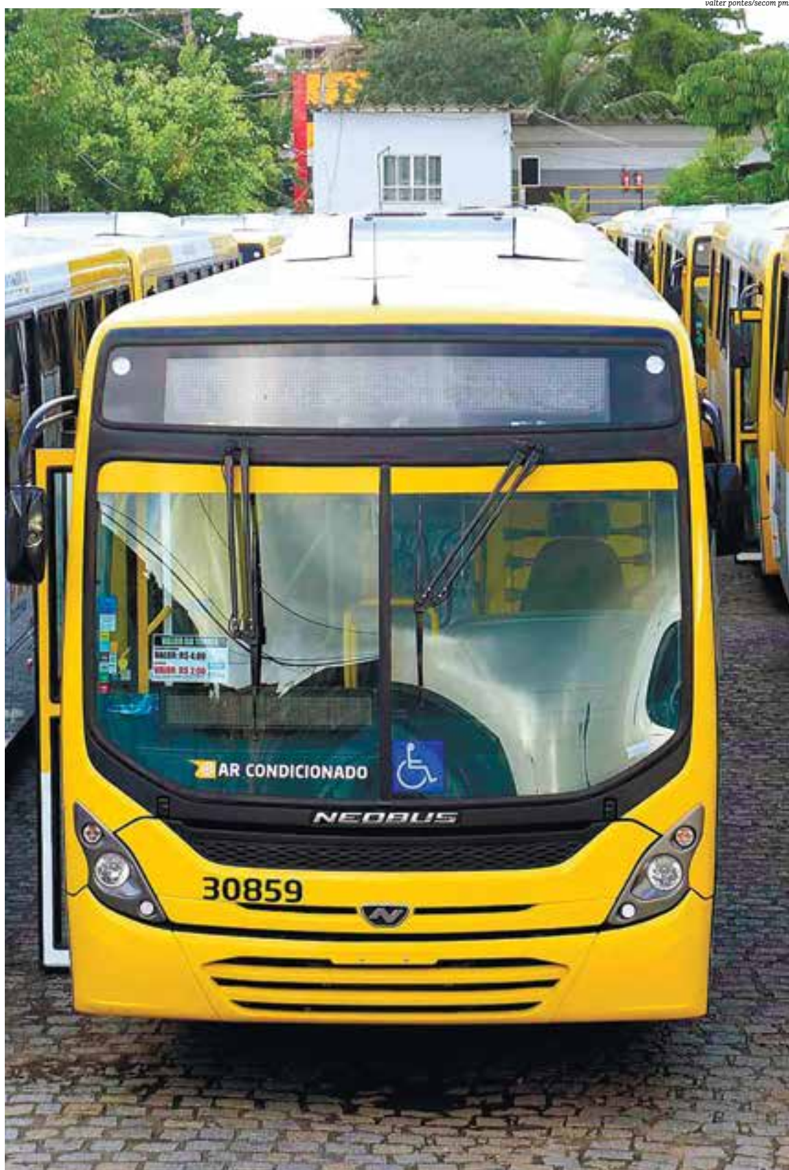
CSN pede novo prazo e atrasa mais uma vez a entrega dos 81 ônibus com ar-condicionado na cidade; MP critica demora para cumprimento

dos Serviços Públicos de Salvador (Arsal) e da Câmara Municipal. Após uma nova tentativa, a empresa pediu um novo prazo para a entrega completa dos 81 ônibus com ar-condicionado. Nova frota deveria rodar até o fim do ano, mas o atraso já está consumado.
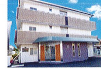
ハートランド 東大阪
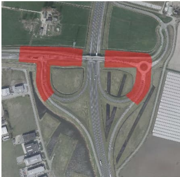
Figuur 4.4 Luchtfoto 2017 (bron: Globespotter), locatie 9.2: A4, aansluiting op de Randweg Oost / N286 in Halsteren. In rood de mogelijke toepassing van TGG.

De omgeving is niet gevoelig, omdat er theoretisch geen veedrenking is en voornamelijk bos.
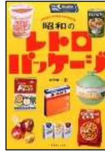
『昭和のレトロパッケージ』
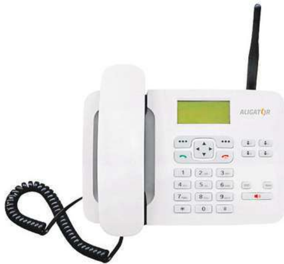
Mobil, který vypadá jako pevná linka.

Pro pohodlnější telefonování disponuje Aligator funkcí hands-free, abyste mohli komunikovat a zároveň mít obě ruce volné třeba pro zapisování svých důležitých poznámek.
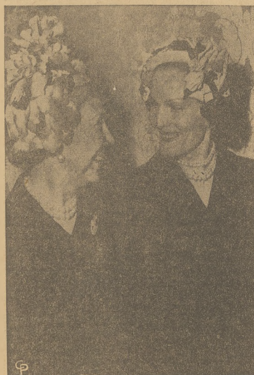
Pewnie że wiosna jest już z nami, o czym świadczy wiosenne modele kapeluszy jakie widzimy na głowach eleganek w Washingtonie. Między innymi był tam wydany o biad p. n. "Cherry Blossom Festival", z pokazem wiosennych modeli kapeluszy, gdzie były obecne p. D. Eisenhower i p. R. Nixon. Na zdjęciu są one widoczne w pięknych kapeluszach z kwiatów.

PRZYJACIELE CASTRA ARRESTOWANI W TEXAS BROWNSVILLE, Texas. — Grono 36 nowojorczyan, silnie uzbrojonych usiłowało wyjechać stąd statkiem na wyspę Kubę by przyjąć z pomocą przywódcy powstańców, Fidelowi Castro, ale... amerykańska straż nadbrzeżna, poinformowana o ich planie, poinformowała i osadziła wszystkich w więzieniu.
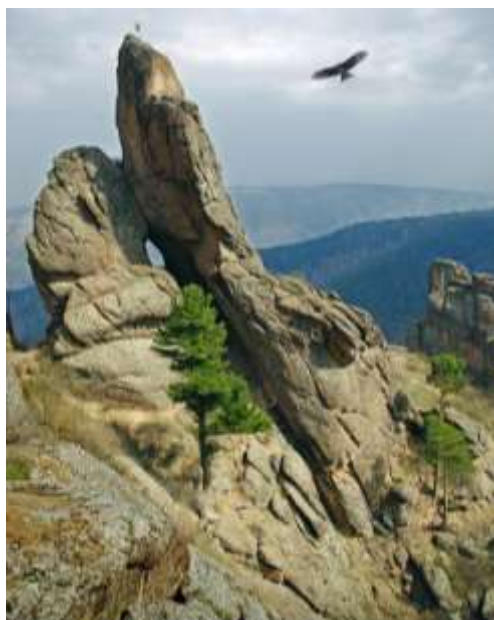
Скальный массив «Такмак», Скала «Большой Беркут»
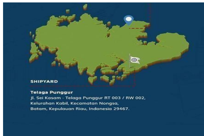
Gambar 1. 1.Lokasi Perusahaan

Didirikan pada tahun 2005 di Batam, Indonesia, PT. Bahtera Bahari Shipyard (BBS) menelusuri sejarah membangun kualitas kapal. PT. Bahtera Bahari Shipyard (BBS) adalah galangan yang melaksanakan pembuatan kapal yang ditunjang dengan sarana pokok berupa lokasi daratan yang cukup luas. Adapun tempat dilaksanakannya pembangunan kapal terdapat pada Galangan jalan Pattimura No.1, Kabil, Nongsa. Secara astronomis terletak pada Lintang Bujur 010 02.758' E 1040 08.277' dan memiliki Luas area ±52 hektar digunakan untuk pembangunan kapal baru, reparasi kapal, dan parkir kapal.
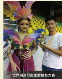
世界潮流髮型化妝競技大賽
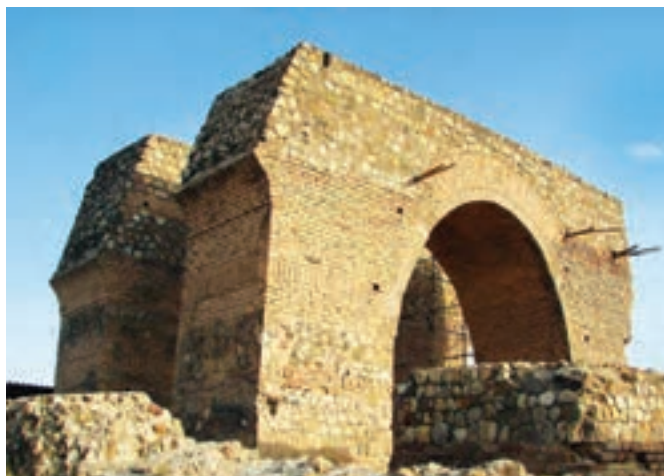
بقایای آتشکده تپه میل، جاده ری - ورامین - تهران
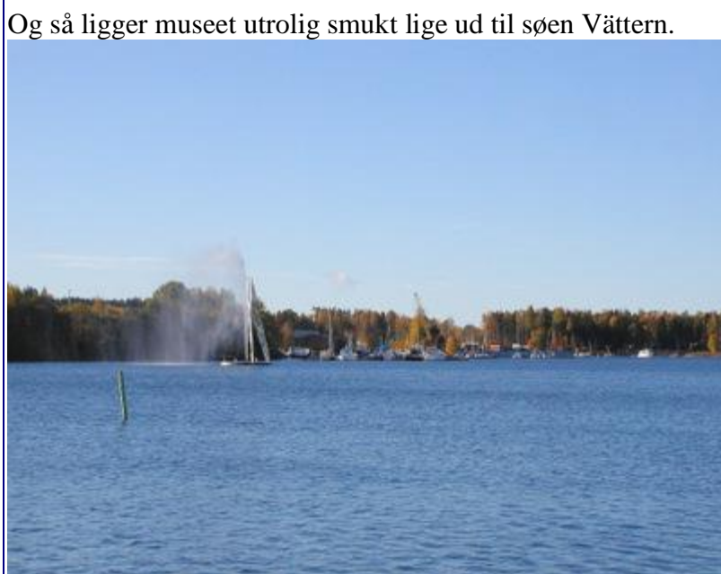
Og så ligger museet utrolig smukt lige ud til søen Vättern.
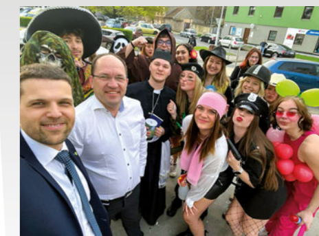
Letos v květnu navštívil školu ministr životního prostředí Petr Hladík s poslanci Markem Výborným a Davidem Šimkem – stihl při tom i společné selfie s účastníky posledního zvonění.
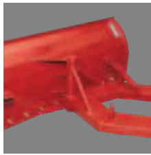
Scraper blade adjustable Schuifblad verstelbaar Verstellbarer Planierschild Hoja rascadora ajustable
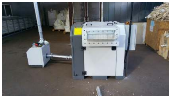
Recycling Anlage Tria.

● ● ● ●

__EXERCISE REQUIREMENTS__:
Within the entries, find all lines holding "novo" and copy each one.

__SOLVED PROBLEM__:
CSN pede novo prazo e atrasa mais uma vez a entrega dos 81 ônibus com ar-condicionado na cidade; MP critica demora para cumprimento
dos Serviços Públicos de Salvador (Arsal) e da Câmara Municipal. Após uma nova tentativa, a empresa pediu um novo prazo para a entrega completa dos 81 ônibus com ar-condicionado. Nova frota deveria rodar até o fim do ano, mas o atraso já está consumado.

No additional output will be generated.